Fieri said in a statement released by his PR reps:

“I wholeheartedly disagree with The New York Times’ Review of Guy’s American Kitchen & Bar. My philosophy on life is what drives my attitude towards food. As a kid, I used to make four-course sushi meals for my parents and our family friends. I got hooked on food because I saw the way people reacted; the atmosphere around a family dinner, dining out with friends and family – it was contagious."


“At my restaurants, we always try to live by a very simple notion: that food brings people together. I’ve learned that not everyone agrees with my style. The Times’ critic, Pete Wells, clearly did not enjoy his experience.
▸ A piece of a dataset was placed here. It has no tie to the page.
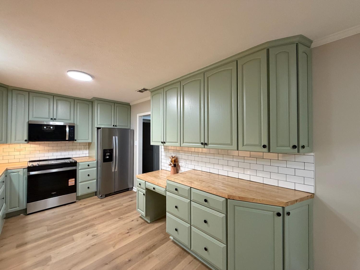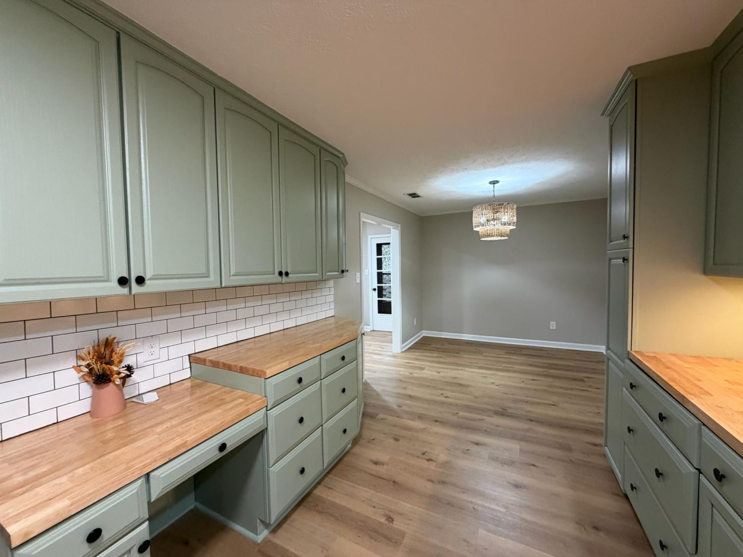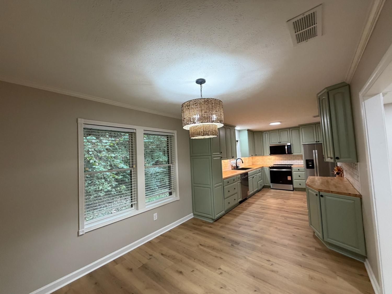 Beautifully updated 3-bedroom, 3-bath home featuring all-new LVP flooring throughout, fresh paint, and fully remodeled bathrooms. The kitchen stands out with sage green cabinets, subway tile backsplash, new stainless-steel appliances, new disposal, butcher block countertops, and a cabinet pantry with pull-out drawers for easy organization. The primary bathroom features a stunning tile shower, offering a modern touch. Enjoy peace of mind with a new roof, new siding, new gutters with gutter guards, and a one-year 2-10 Home Buyers Warranty included. Spacious bedrooms, stylish finishes, and thoughtful updates make this home truly stand out. Conveniently located just minutes from I-40, schools, shopping, and dining.

I normally do not respond to reviews or critics, however, given the tone of Pete’s piece, it’s clear to me that he went into my restaurant with his mind already made up. That’s unfortunate. I take comments from patrons, fans and visitors very seriously, and if there is ever a problem with our service, I’ll fix it."

“We’ve only been open a short while, but I’ve seen countless people come to my restaurant – families, fans, tourists, and yes, even New Yorkers – looking to get away for an hour or two, and they’ve had a great experience and a meal that they enjoyed. Like the hundreds of diners, drive-ins and dives I’ve featured on my show, I’ve incorporated my passion and love for food into my restaurants. I’m proud of the food we put out, and always will be.”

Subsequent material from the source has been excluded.